**TASK INSTRUCTIONS**
Your copy should hold the lines below from the first through the one that contains "It can be seen", each retyped exactly, and no pictures.

START COLLECTED MATERIAL

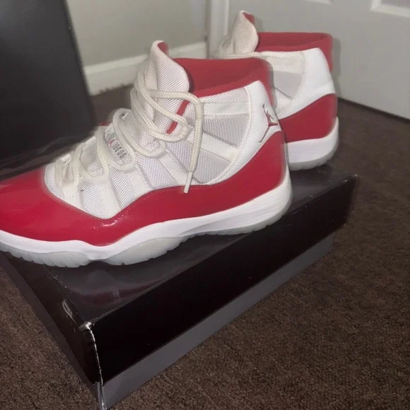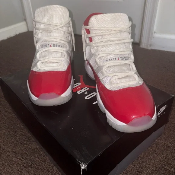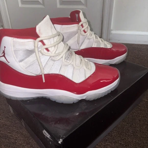 These Jordan sneakers showcase a striking red and white colorway, featuring a sleek white leather upper with glossy red patent leather overlays. The signature rope-style lacing and semi-translucent outsole add to the iconic look, making them a standout choice for sneaker enthusiasts.
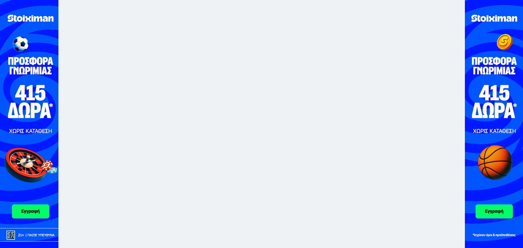 ***Η προσφορά 0% Γκανιότα ισχύει για την αγορά Nικητής Aγώνα μέχρι την έναρξη του αγώνα, σε επιλεγμένα παιχνίδια που έχουν δίπλα τους το εικονίδιο 0%.
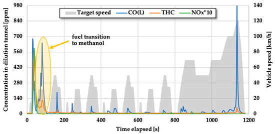 It can be seen in Figure 3 that apart from the NOx spike noticed in the first 70 s after the start of testing, there are only a few small spikes afterward. In theory, the formation of NO is a function of the availability of oxygen, in-cylinder temperature, and residual time. Since the engines of the test vehicles ran in a stoichiometric manner, an essential reason for the well-controlled NOx emissions is the relatively low in-cylinder temperature, which is a consequence of methanol’s lower adiabatic flame temperature and higher latent heat of evaporation.
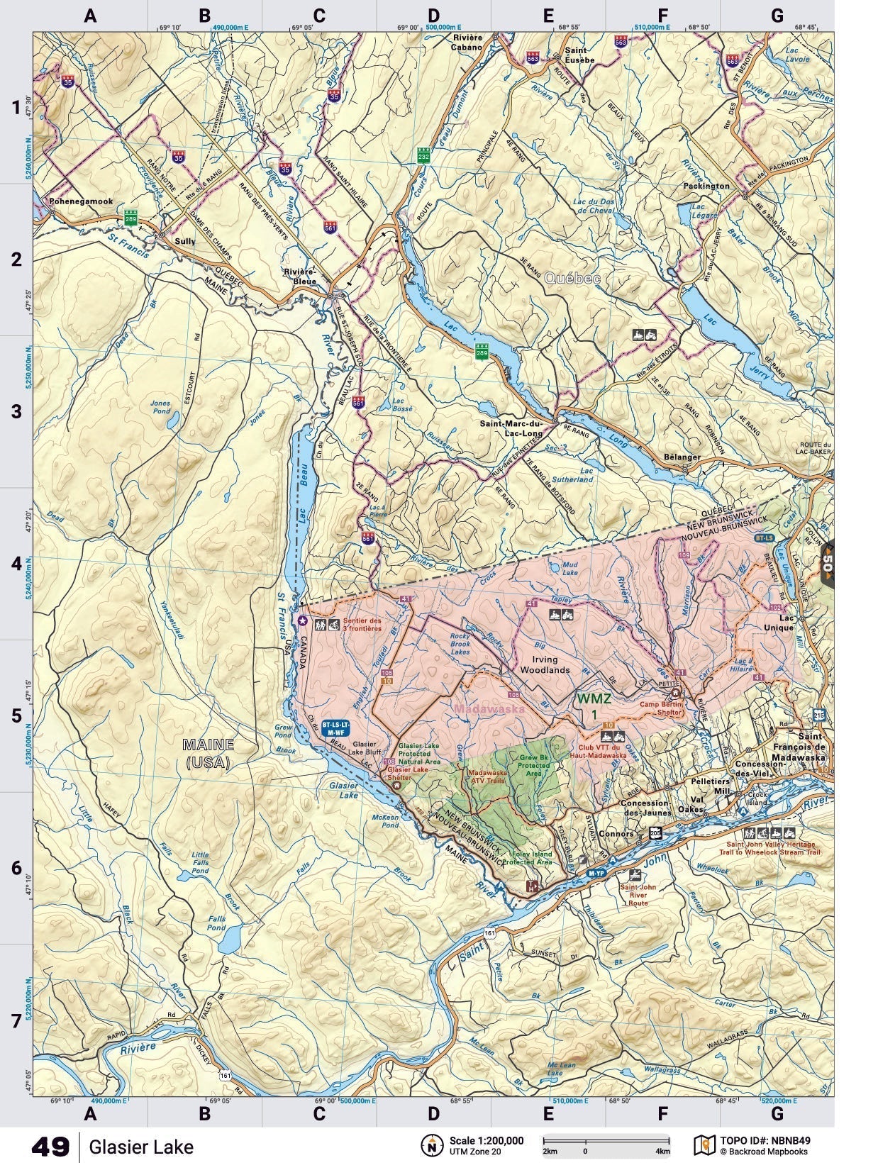 This recreation topographic map for Glasier Lake highlights all the logging/resource roads, hunting areas, fishing lakes & streams, campsites, paddling routes for canoeing and kayaking, wildlife viewing areas, multi-use trails for hiking, biking, horseback riding, cross-country skiing and snowshoeing, motorized trails for ATVing and snowmobiling & more. Covering 1,950 km2 (750 mi2), this 1:65,000 scale map measures 38 x 51 km (23.5 x 32 mi), providing you with more topographic and recreational detail for the Grand Manan Island area than any other map on the market. New features include enhanced Crown land data and countless updates to roads, trails and recreational Points of Interest. This map includes Saint John River, Lac Long, Lac Jerry, Lac Unique, Saint Francois de Madawaska, Concession des Viel, Pelletiers Mill, Val Oakes, Concession des Jaunes, Connors, Glasier Lake and more! This map also covers the following Wildlife Management Units: WMZ 1. Glasier Lake - New Brunswick comes printed on waterproof synthetic material for extra durability.

END COLLECTED MATERIAL

**ANSWER AREA**
 These Jordan sneakers showcase a striking red and white colorway, featuring a sleek white leather upper with glossy red patent leather overlays. The signature rope-style lacing and semi-translucent outsole add to the iconic look, making them a standout choice for sneaker enthusiasts.
 ***Η προσφορά 0% Γκανιότα ισχύει για την αγορά Nικητής Aγώνα μέχρι την έναρξη του αγώνα, σε επιλεγμένα παιχνίδια που έχουν δίπλα τους το εικονίδιο 0%.
 It can be seen in Figure 3 that apart from the NOx spike noticed in the first 70 s after the start of testing, there are only a few small spikes afterward. In theory, the formation of NO is a function of the availability of oxygen, in-cylinder temperature, and residual time. Since the engines of the test vehicles ran in a stoichiometric manner, an essential reason for the well-controlled NOx emissions is the relatively low in-cylinder temperature, which is a consequence of methanol’s lower adiabatic flame temperature and higher latent heat of evaporation.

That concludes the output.